Is Cybersecurity In Healthcare An Impossible Dream?

Cybercrime costs the UK several billion pounds per year.  Indeed, a recent government report showed that 46% of all businesses identified at least one cyber attack in the last year, with 74% of directors regarding cyber security as a high priority issue for them.

This is a particular problem in healthcare, with a number of high profile breeches earlier this year in the industry. I wrote earlier this year about a study from Michigan State University, which found around 1,800 large data breaches in patient information over a seven-year period in the United States alone.

“Our findings underscore the critical need for increased data protection in the health care industry,” the authors say. “While the law requires health care professionals and systems to cross-share patient data, the more people who can access data, the less secure it is.”

A recent paper has mixed messages for the sector, for whilst it provides some strategies that can be deployed to shore up security, the authors also suggest that many of them may be impossible to implement.
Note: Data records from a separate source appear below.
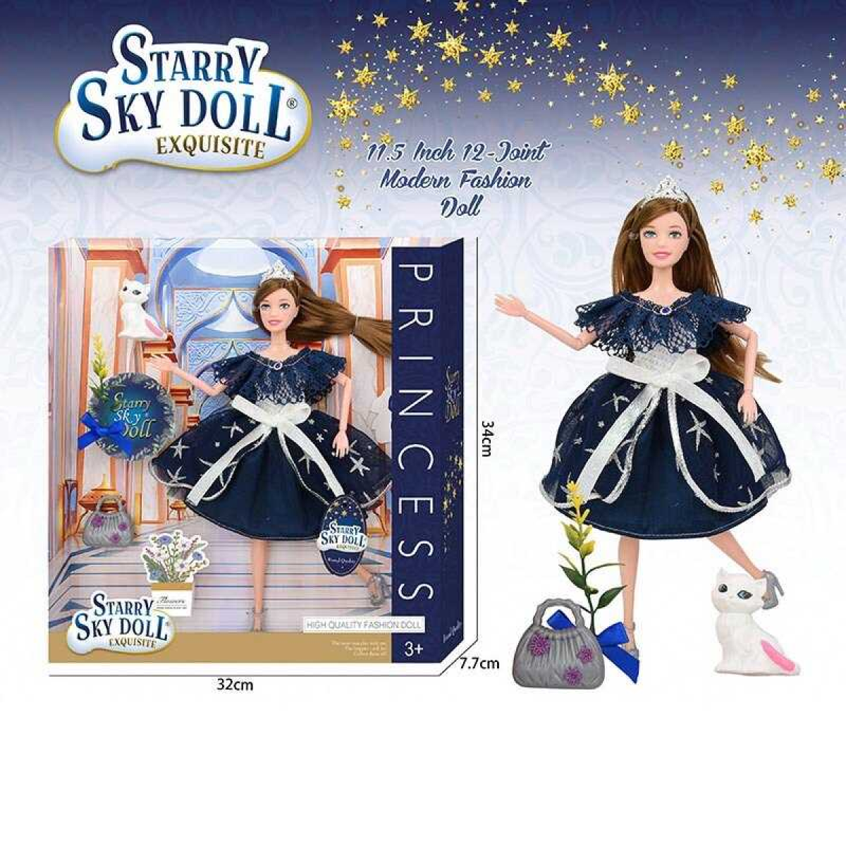 Лялька SK 025 B (48/2) висота 30 см, діадема, квіти, улюбленець, сумочка, в коробці
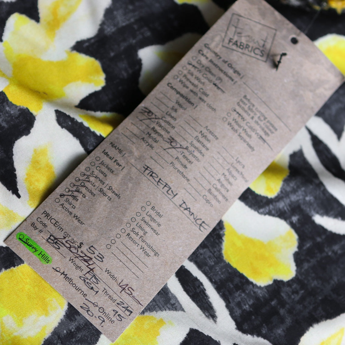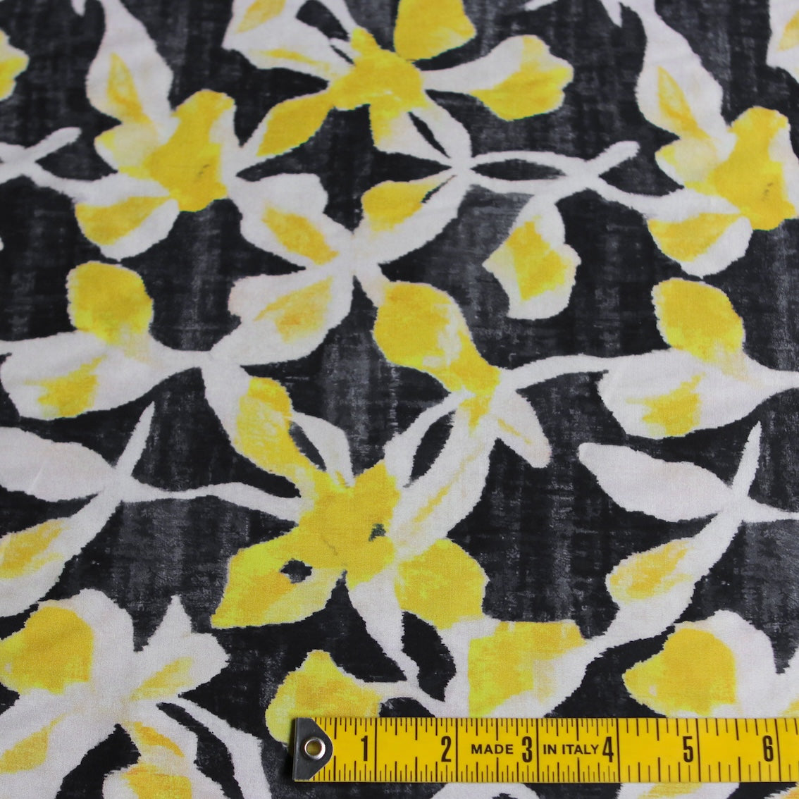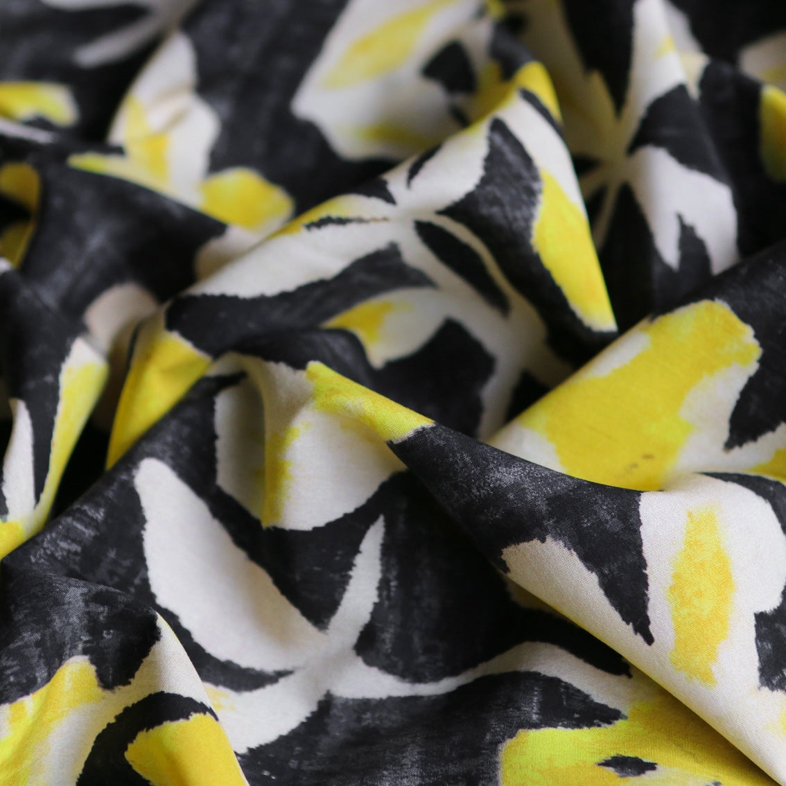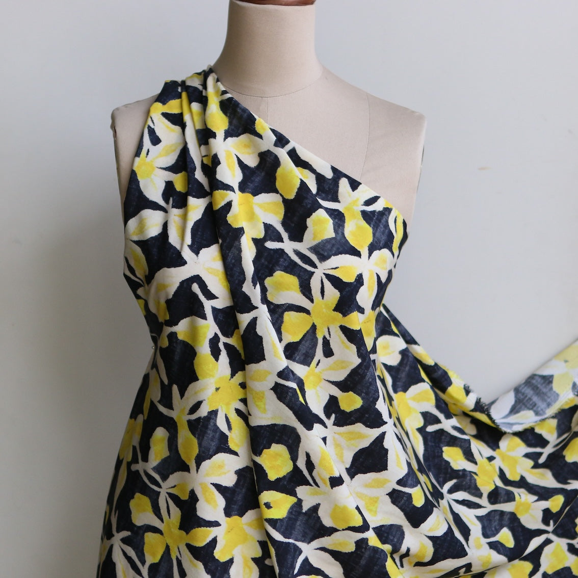 Soft & drapey daffodil yellow/charcoal/ecru digitally printed 70% viscose 30% tencel
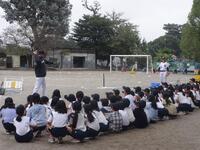 マリーンズ・ベースボールアカデミーのコーチ陣によるマリーンズ・ベースボールチャレンジの体験学習でした。4年生が、体験しました。
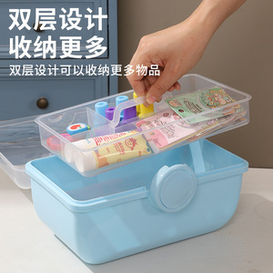 透明収納ボックス美術ツールボックス絵の具絵筆ボックス多機能家庭用医薬ボックス手持ち式二重クッカー
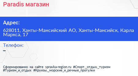 Paradis, магазин по адресу 628011, Ханты-Мансийский АО, Ханты-Мансийск, Карла Маркса, 17 в дальнейшем Организация, размещена в следующих категориях:
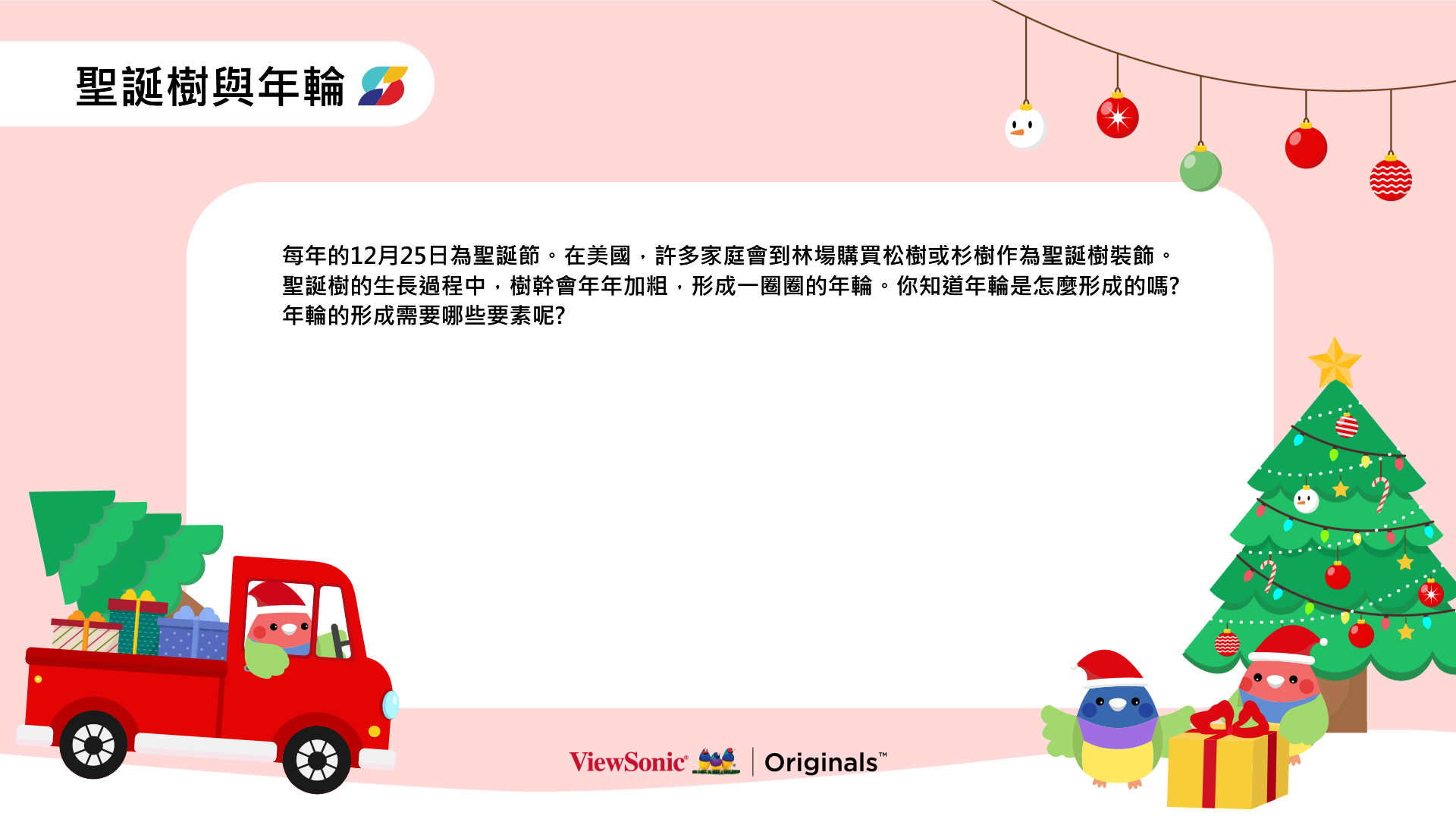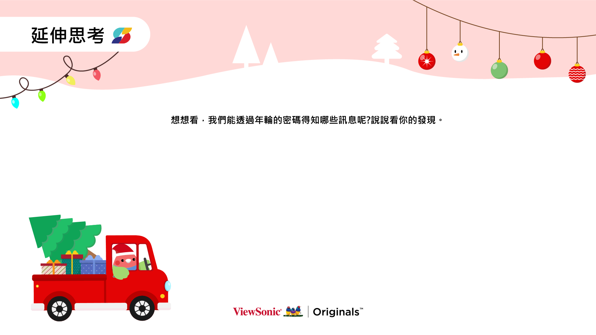 - 聖誕樹與年輪:透過美國聖誕節的傳統,認識聖誕樹年輪的形成。 運用ClassSwift即時派送數位白板畫面讓學生回答問題並進行討論。
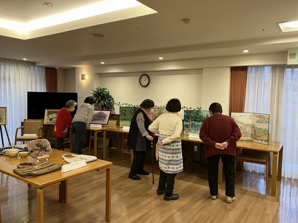 先月11月29日には、リーフエスコート国立富士見台の入居者の皆様の作品を展示し、久しぶりの「芸術鑑賞会」を開催しました。
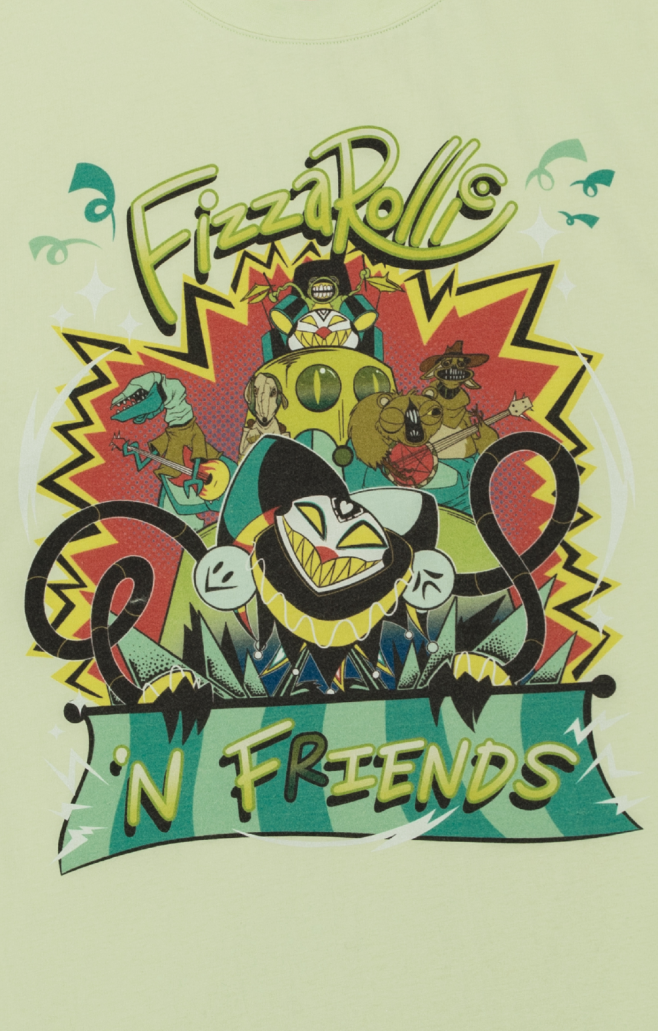 Dress yourself and your ugly children in this fun for the whole family Fizz n Friends t-shirt! Featuring the Robotic Fizzarolli lead band that makes kids cry with what we can only assume are tears of non-traumatized joy, shipped straight from Ozzies factory to the Loo Loo Land park and now on a fucking lime green shirt! This graphic tee tells the world "Hey, look at me, I saw a show at LooLoo Land and bought this in the gift shop. I'VE got theme park gift shop money. Pretty cool, yeah?".
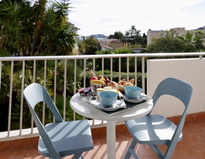 Notre Suite vue mer vous accueille pour un séjour en toute quiétude au centre de Beaulieu-sur-mer avec une vue imprenable sur Saint Jean-Cap-Ferrat.
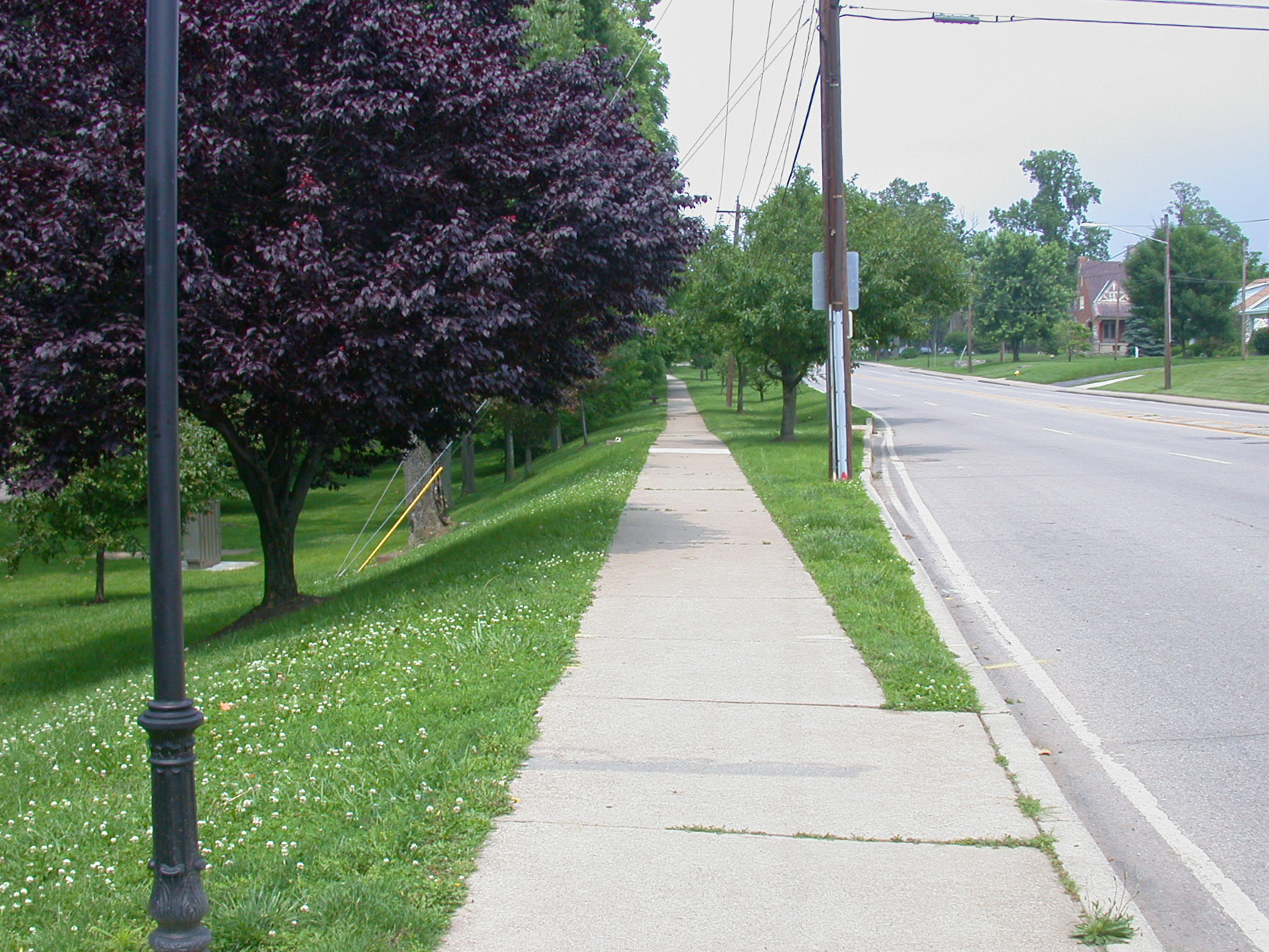 Ft. Mitchell Line ROW along the side of Dixie Highway in South Ft. Mitchell, looking northeast from Cornell Avenue. Road widening has begun to eat away at the ROW.
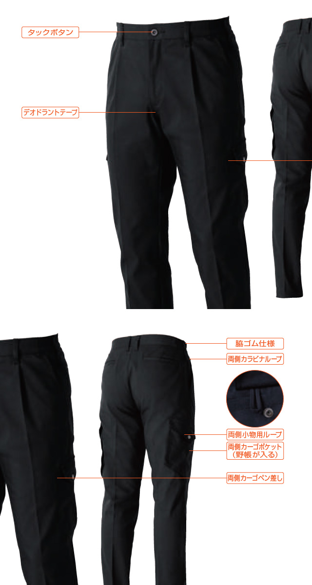 フルハーネス着用時に使いやすいポケット配置の制電エコワークウェア
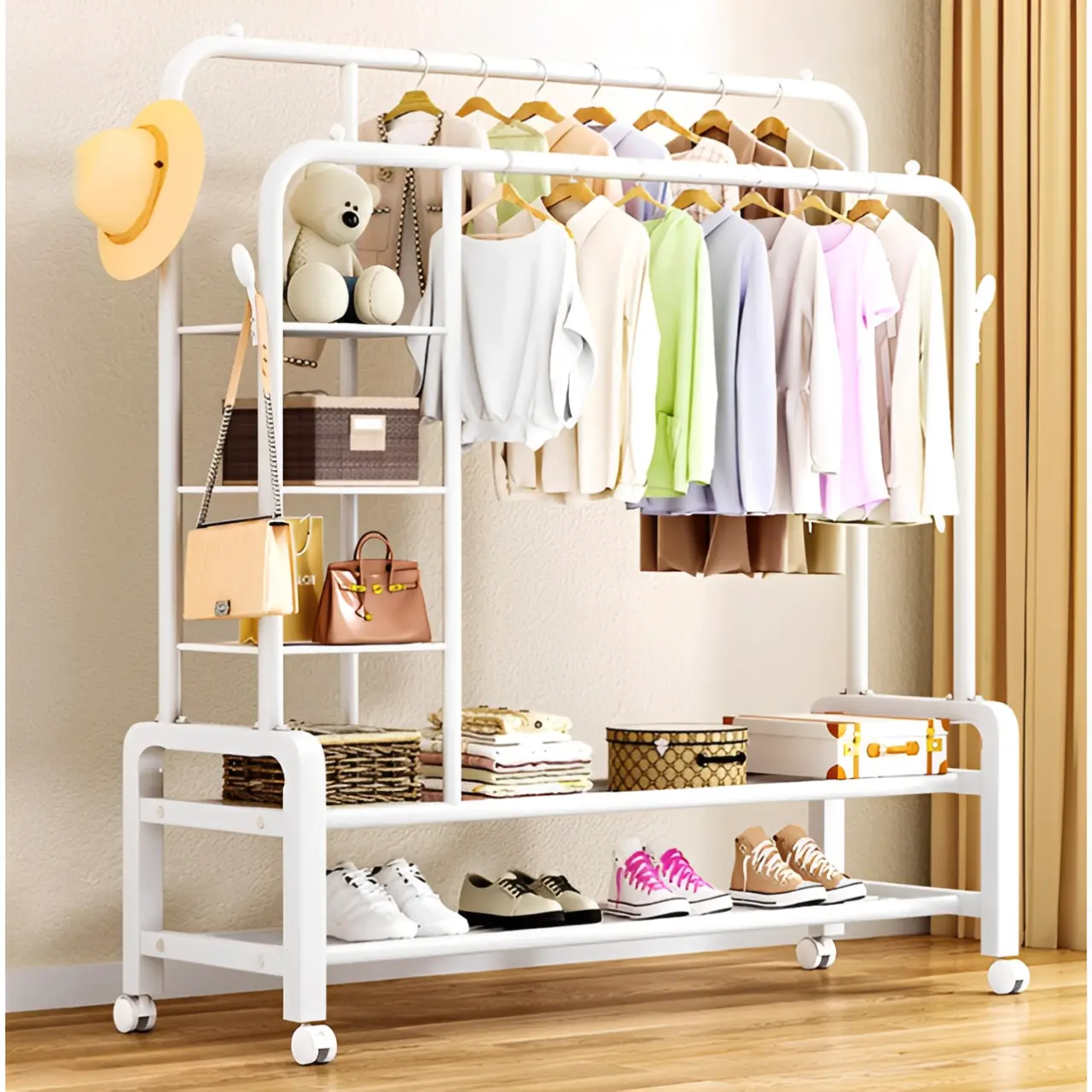Totul într-un Singur Loc: De la pantofii de la bază până la geanta atârnată lateral și rochia de pe bara înaltă, ai întreaga ținută gata de plecare într-un singur punct.
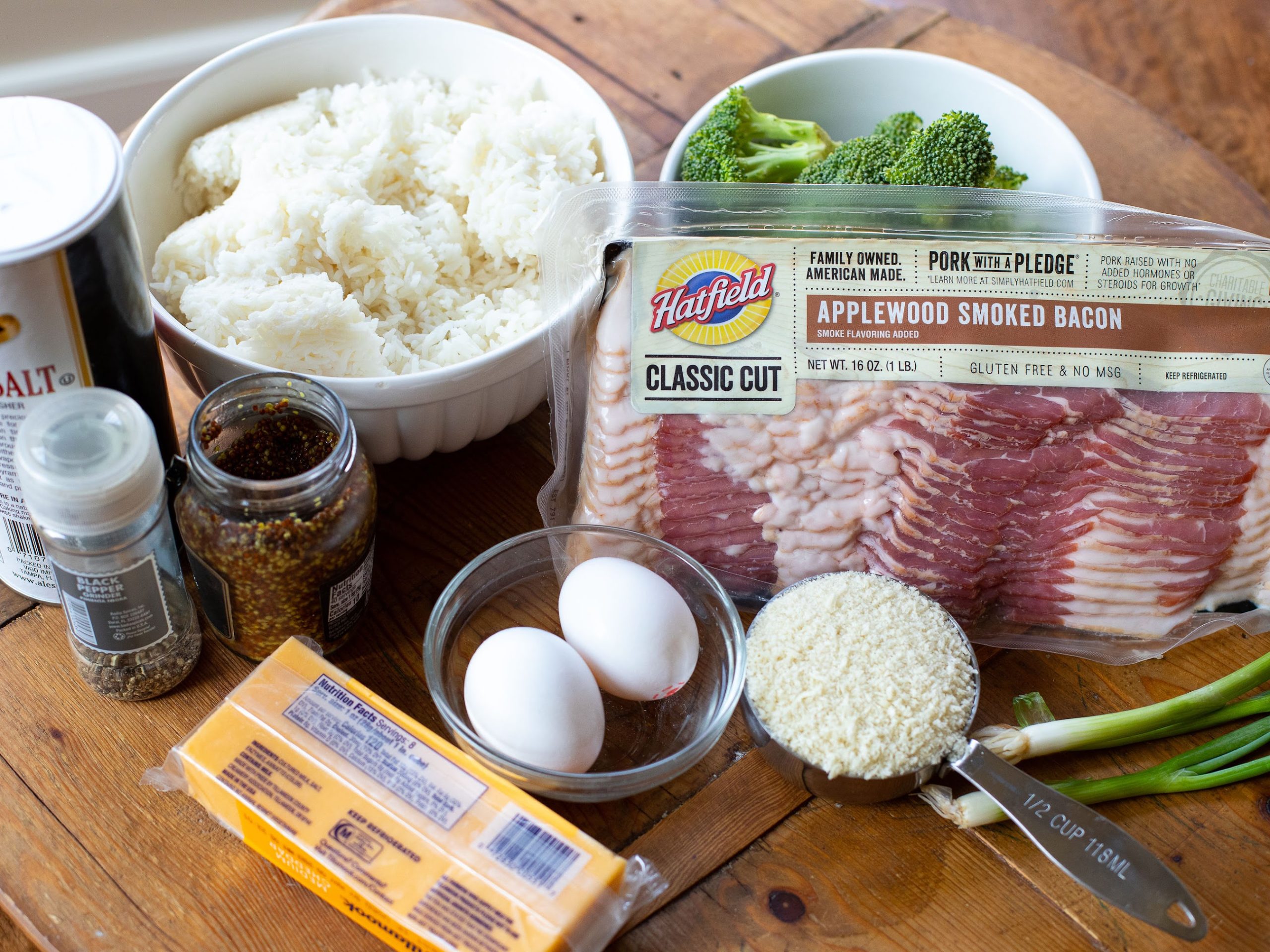 Just don’t leave out the Hatfield Bacon. The smoky bacon flavor is such a perfect combination with the rice and broccoli and really gives the rice cakes so much amazing flavor. If you don’t have a couple of packs of Hatfield Bacon on hand at all times, you really should!

“There are things we can do to reduce the risk but it is very hard to perfect IT security, especially given the needs of modern hospital systems to have things moving between places and increasing demand for patient-facing access,” the authors say. “To some extent, these attacks are inevitable.”

Mitigating the risk

The authors outline a number of steps that IT teams can undertake to try and prevent attacks.  These include workforce training, retaining cybersecurity expertise, patching operating systems, and reporting attacks promptly to authorities. They also recommend more strategic, nationwide steps, even though those may be harder to accomplish.

It’s crucial that government efforts to improve security are coordinated, as too often responses have been fragmented and disjointed.  This was certainly the case after the recent WannaCry attack, where the response was split between many different agencies.

This could involve the creation of a Joint Commission, which would have the ability to accredit hospitals according to their data security standards.  This might help to ensure the highest standards are upheld.

It’s particularly prickly in the case of ransomware attacks, for whereas it might be easy to suggest CIOs act in unison and openly state they will not pay any ransom requests, when lives are on the line it’s easy to imagine pressure mounting and their hands being forced by patients.

“If I were a hospital CEO, it’s one thing to make this pledge ex ante, but it’s another thing when you have a population of patients who need health care to stick by it,” the authors say.

Data governance is an issue of growing importance in the healthcare industry, not only in terms of data security but also in terms of good management of data that is being used to underpin the numerous machine learning applications entering the sector.

It is therefore, an issue that health officials and hospital managers will need to get to grips with sooner rather than later.